What Degree Is Required to Become a Dietician?

Find out what education is necessary to become a dietitian by reading on. Get info about licensing and certification in this field, and check out the job duties of dietitians. Schools offering Nutrition degrees can also be found in these popular choices.


A bachelor's degree is the minimum amount of education necessary for a career as a dietitian. Graduate degrees are also available and recommended for higher-level positions. Suitable majors you'll want to pursue include food service systems management, dietetics, and food nutrition. Ideally, you'll want to pursue a degree program that has accreditation and approval from the American Dietetic Association's Commission on Accreditation for Dietetics Education.

Coursework you can expect to complete in a dietitian program includes advanced nutrition, community nutrition, nutrition counseling, food science principles, life cycle nutrition, medical nutrition, and food service management. Some science classes you may take include biochemistry, chemistry, human anatomy, physiology, and microbiology.
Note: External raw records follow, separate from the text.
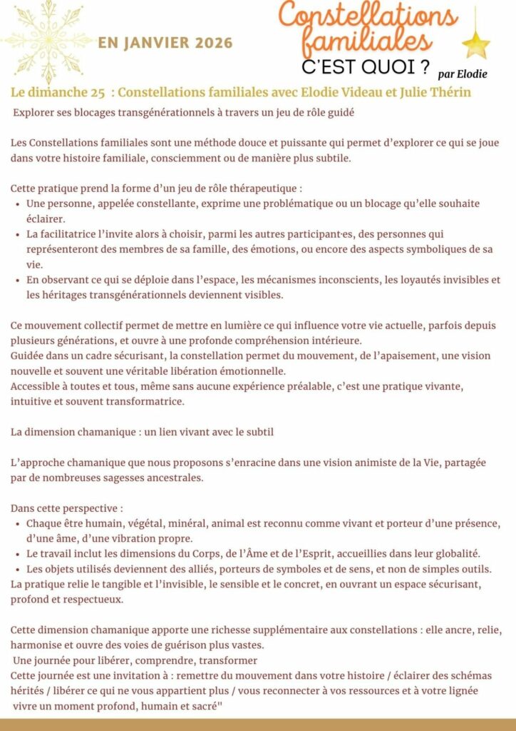 Non classé Constellations Familiales – Dimanche 25 janvier par julie Vauchel|Publié 6 janvier 2026 de 9h30 à 17h30 avec Elodie VIDEAU et Julie THERIN Tarifs : 60€
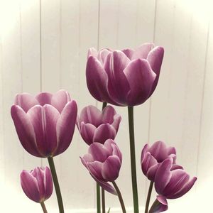 チューリップ〔パープルエレガンス〕 紫色に白いふちどり、丸い花びら 茎がすっ〜と長く伸びて風にゆらゆら揺れるチューリップでした*・゜゚・*:.。..。.:*・' 今年も咲くのが楽しみです^ - ^♬ 毎年球根を買って咲かせたいおすすめ品種です^ - ^♬ 昨年のチューリップより🌷
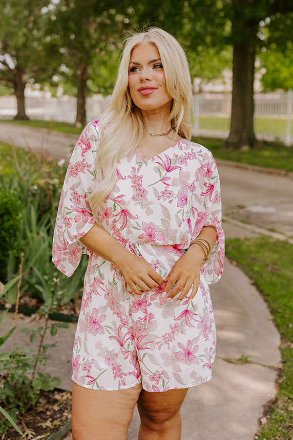- A flowy romper silhouette that ends in straight mid-thigh length hemlines
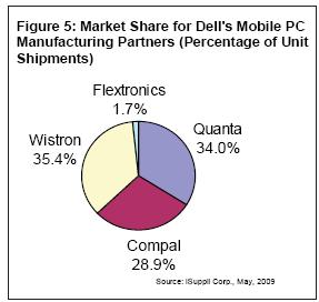 通常,Dell將個(gè)人移動(dòng)PC制造交予Wistron,將企業(yè)移動(dòng)PC制造交予Compal,Quanta則兩者兼有。圖中的數(shù)據(jù)顯示2008年Wistron為Dell完全制造的移動(dòng)PC的份額超過(guò)了50%。
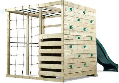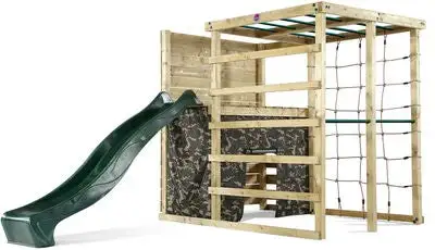 Klatrestativ fra Plum i tre. Det har sklisikre stolper og et stort, mykt klatrenett. Klatrestativet har en stor klatrevegg, en sklie og sidepaneler under som skaper et hemmelig lekerom inni. Perfekt for masser av moro og eventyrlige dager. – CE-merket. – Maksimal vekt: 50 kg. – Anbefalt alder: fra 3 år. – 70 % tre, 20 % plast, 10 % metall.
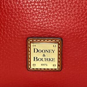 Classic and timeless Dooney & Bourke crossbody bag crafted from durable pebble leather in a striking red with contrasting brown trim. Features an adjustable strap for versatile wear, a top zip closure, front slip pocket, and signature Dooney & Bourke metal logo plate. The interior is fully lined with additional pockets for organization. Style number and authenticity tag present inside.
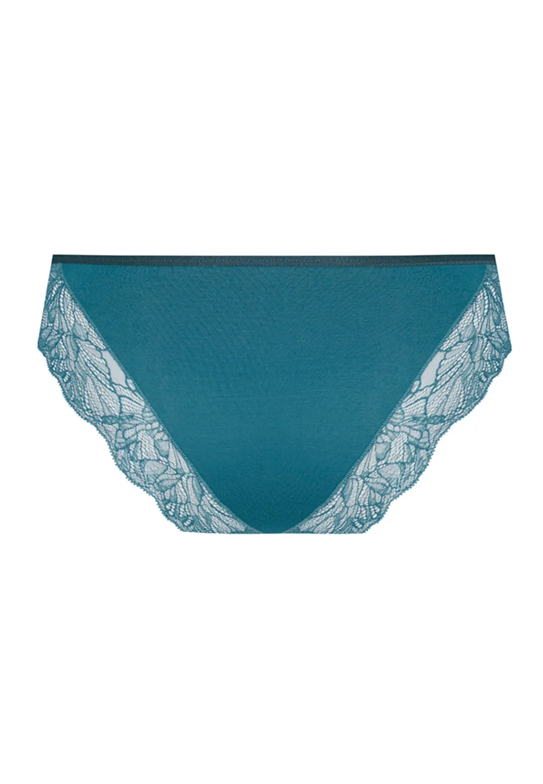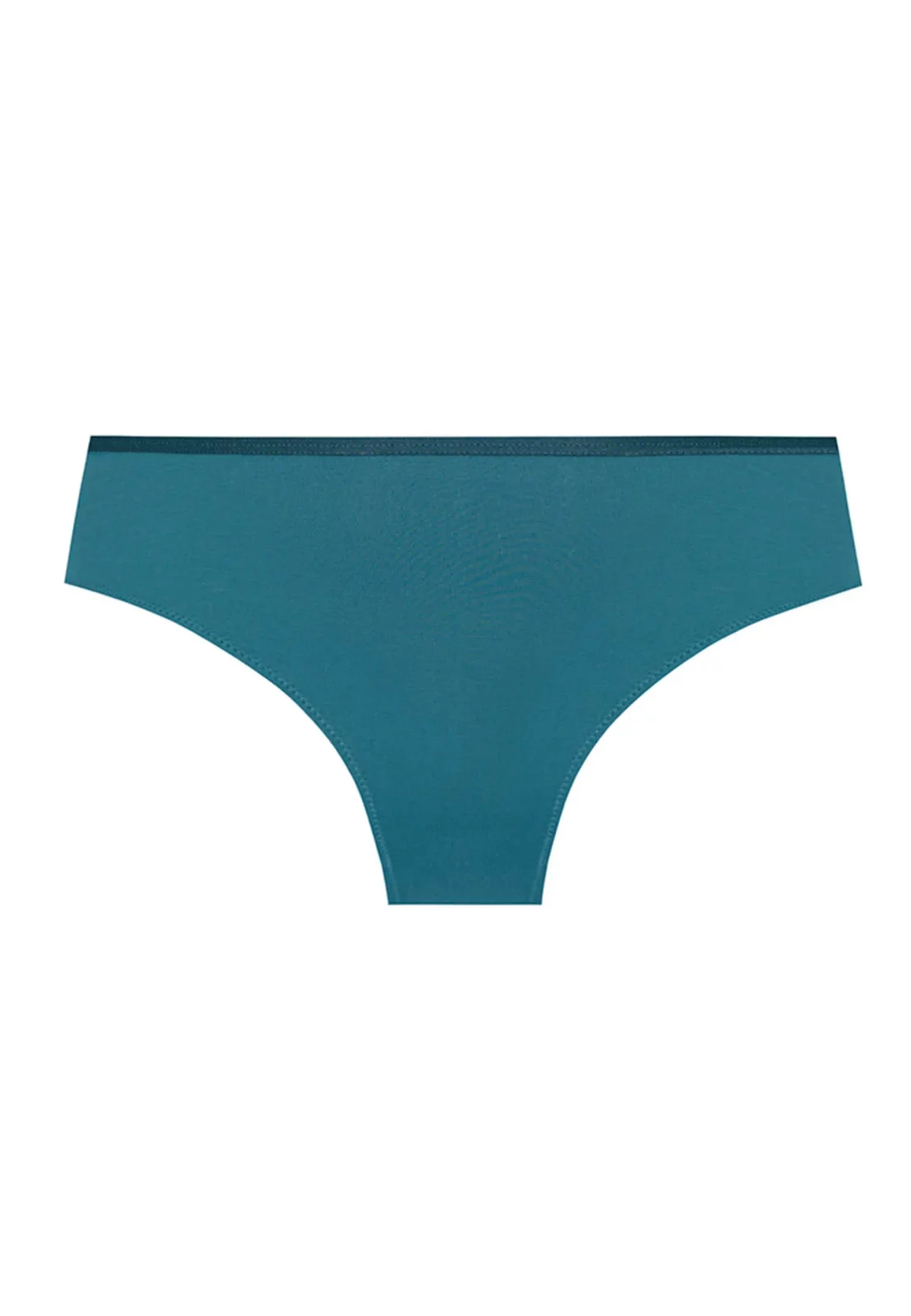 Przód fig Dolores zachwyca minimalistycznym designem, a tył zdobiony koronką o subtelnym kwiatowym wzorze nadaje im wyjątkowego charakteru. Delikatna koronka nie tylko dodaje elegancji, ale także sprawia, że model wyróżnia się na tle innych fig. W kolorze turkusowym figi Dolores stanowią doskonałe uzupełnienie zarówno codziennej, jak i bardziej eleganckiej bielizny.
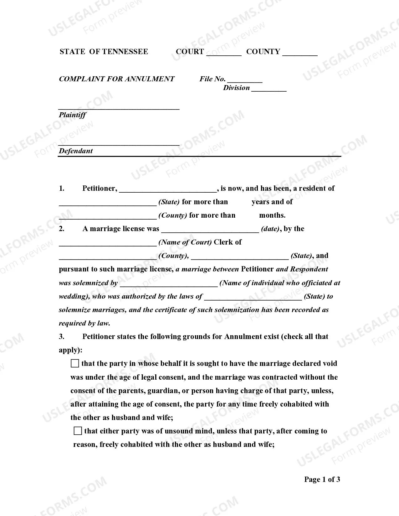 Annulment in Tennessee allows individuals to void a marriage. Our attorney-drafted templates are quick and straightforward to complete.
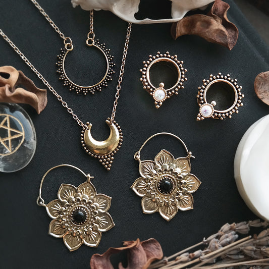 Golden Onyx Lotus Hoops
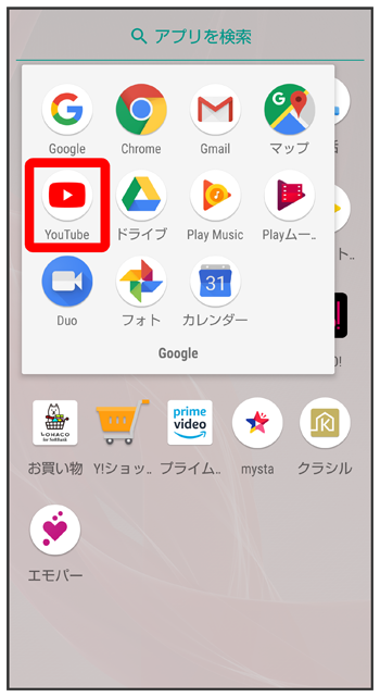 YouTube画面で- 確認画面が表示されたときは、画面に従って操作してください。
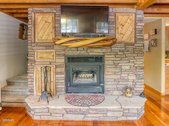 PERFECT, Cozy Cabin located in the highly desired Pinetop Lakes Country Club with Rec. center privlidges! This 3 Bed / 2 Bath home is surrounded by soaring pines and has true pride of ownership! This cabin has been beautifully remodeled and upgraded inside and out, including added natural gas, 2 new decks/patios with trex decking and new log railings, and a 1-car garage! The Kitchen has stainless steel appliances, Knotty Alder kitchen cabinets, and plenty of countertop space. The custom stacked stone wood burning fireplace w/ insert with storage areas will warm you right up on those cool mountain nights and the 3 decks are perfect for entertaining! Off of the back private deck there is a flagstone path that leads to a paver patio complete with a natural gas firepit. Read 'more' FURNISHINGS available for $4000.00 outside of escrow. See list of items that do NOT convey.

Important Facts About This Occupation

Median Salary (2018) $60,370 (for all dietitians and nutritionists 
Job Outlook (2016-2026) 15% growth (for all dietitians and nutritionists
Similar Occupations Rehabilitation counselor, registered nurse, health educator, health community worker
Key Skills Empathy; problem-solving, listening, analytical, organizational, and speaking skills

Source: U.S. Bureau of Labor Statistics

Licensing and Certification

According to the U.S. Bureau of Labor Statistics (BLS, www.bls.gov), almost all states in the U.S. have laws regulating dietitians. While there are a very few states that do not require any regulations, most mandate licensure; some require registration and certification. In most cases, a minimum amount of education is necessary, along with some work experience, to qualify for registration, licensure, or certification.

Career Overview

A dietitian is someone who promotes healthy dietary habits by creating and supervising meals, meal preparation, and nutritional programs. The primary goal of a dietitian is to ensure that a client is eating a diet suitable for his or her health. For example, if someone is overweight, a dietitian may recommend a reduced-calorie diet.

Job Options

One field you could enter is clinical dietetics. In this role, you'll work as a dietitian in a nursing care facility, a hospital, or similar healthcare institution. By working with doctors, nurses, and other healthcare workers, you'll get to know your patients, and you'll be able to better cater to their personal diet needs.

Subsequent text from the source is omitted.